While there are several Dockyard Proxies defined, only one is used at any given time.
Fake: The fake is used only within tests.
gRPC: The gRPC Dockyard Proxy is used to send Samples to the Dockyard. It's the ‘real version’ that is used when running Fuchsia DevTools.
local: This proxy is like a local loopback or stub. It doesn't actually send any messages to the Dockyard. It is activated by passing the --local
option on the command line when starting the Harvester. The primary use is for interactive development of the Harvester or in e2e tests.
The ‘gather_category.h/cc’ contains a base class for the other gather_* files. Each of the other Gather* classes derive from GatherCategory and will collect samples of a particular type.
cpu: gathers global, system-wide samples of the CPU usage. This doesn't include per-thread usage, for example.
inspectable: gathers a list of inspectable components (in a Component Framework Inspect sense). This list can be used for further drilling down with introspection.
introspection: is not actually implemented at this time. The intent is to use the Component Framework inspection lib to get component details. When this task is revived the inspection lib will be called by this code.
memory: gathers global, system-wide samples of the memory usage. This doesn't include per-process usage, for example.
memory_digest: gathers memory usage bucketed into predefined (hard-coded) groups. This code makes use of memory digest lib. It is conceptually like a filter/groups on the processes_an _memory gatherer.
processes_and_memory: gathers a list of active processes and the memory used by each process. Tip: processes don‘t use CPU directly, when we talk about the CPU used by a process we’re really talking about the summation of the CPU used by child threads of the process.
tasks: is a predecessor to processes_and_memory and threads_and_cpu. It‘s old and should probably be removed. This will gather all the job/process/thread information (memory and CPU too) in one go. The trouble is that this is not fast and it’s not efficient. It was simply a first MVP version.
threads_and_cpu: gathers a list of active thread and the CPU used by each thread.
Of this collection of gatherers, only processes_and_memory and threads_and_cpu are active beyond startup. The gather_cpu, gather_memory, and gather_tasks are used at Harvester startup (only) to get a snapshot of unchanging values (like the total physical memory).
The gather_inspectable, gather_introspection, and gather_memory_digest could be revived and made useful.
Samples come in three broad flavors.
Device samples do not change during a given session. An example is physical memory. The device's main RAM is not something that can be modified on the fly. It is set at system startup and remains constant.
Global samples are not related to individual jobs, processes, and threads. The global CPU and memory is not determined by adding up all the values used by the tasks. Instead these values come directly from the kernel (from accumulators tracked for the purpose of this kind of reporting).
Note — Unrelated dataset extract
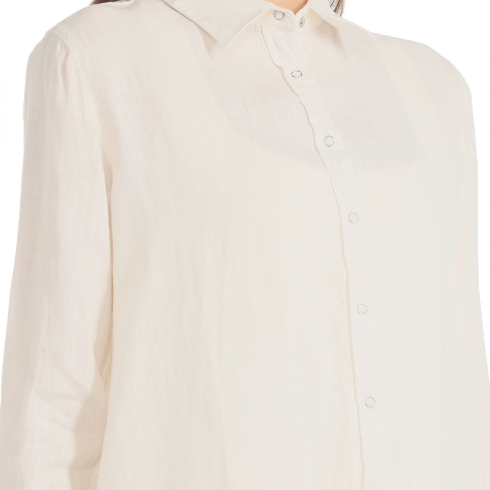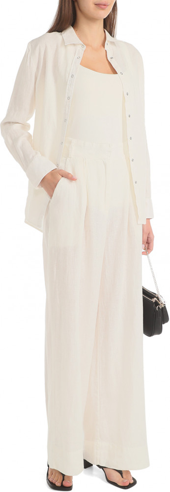 Хорошая приятная к телу рубашка, лен хорошего качества, нежный цвет (голубой), брала на размер больше, после стирки сел немного, как раз как надо, надеюсь, что больше не сядет... Удобно как второй слой на выпуск с топом или футболкой.. Единственное, мне не очень понравились кнопки, вроде не портят в целом рубашку.

This also implies that the values tracked by global samples and task samples may disagree
Task samples are gathered by walking the task tree (described below). These values change frequently since they include all the jobs, processes, and threads.
The Harvester class is a singleton that hold the active dockyard proxy and kicks off the gatherers. It's purpose is largely to keep main() cleaner.
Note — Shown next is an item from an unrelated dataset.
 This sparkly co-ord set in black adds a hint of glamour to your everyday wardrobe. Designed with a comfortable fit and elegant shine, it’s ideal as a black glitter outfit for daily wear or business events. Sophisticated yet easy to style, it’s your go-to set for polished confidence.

Samples are the pieces of data that the Harvester sends to the Dockyard. In essence, gathering and sending the samples is the purpose of the Harvester. To get a better understanding of what a Sample is, refer to the Dockyard docs and code; and the protobuf definitions used by the Harvester to send Samples to the Dockyard (these are defined in the Dockyard code).
The reason Samples are mentioned in this document is to convey a sense of why the Harvester component exists. To drive the point further, if some other code would create protobufs and send samples to the Dockyard over gRPC the Harvester would be unnecessary.
The generic name for jobs, processes, and threads used by the Fuchsia kernel is task. The tasks are arranged in a Directed Acyclic Graph (DAG), i.e. a tree. The root will always be a job, while the leaves will be threads.
This tree of tasks is an important concept for a couple of reasons:
*That may change at some point. It can be made inexpensive and if that were so, the advantage of caching it would fade.
There are two cached task trees because each of the two threads maintains its own. This avoids thread cross-talk/dependencies.
We're not going to discuss the entire kernel here, but there are some concepts that are valuable for the Harvester developer to understand.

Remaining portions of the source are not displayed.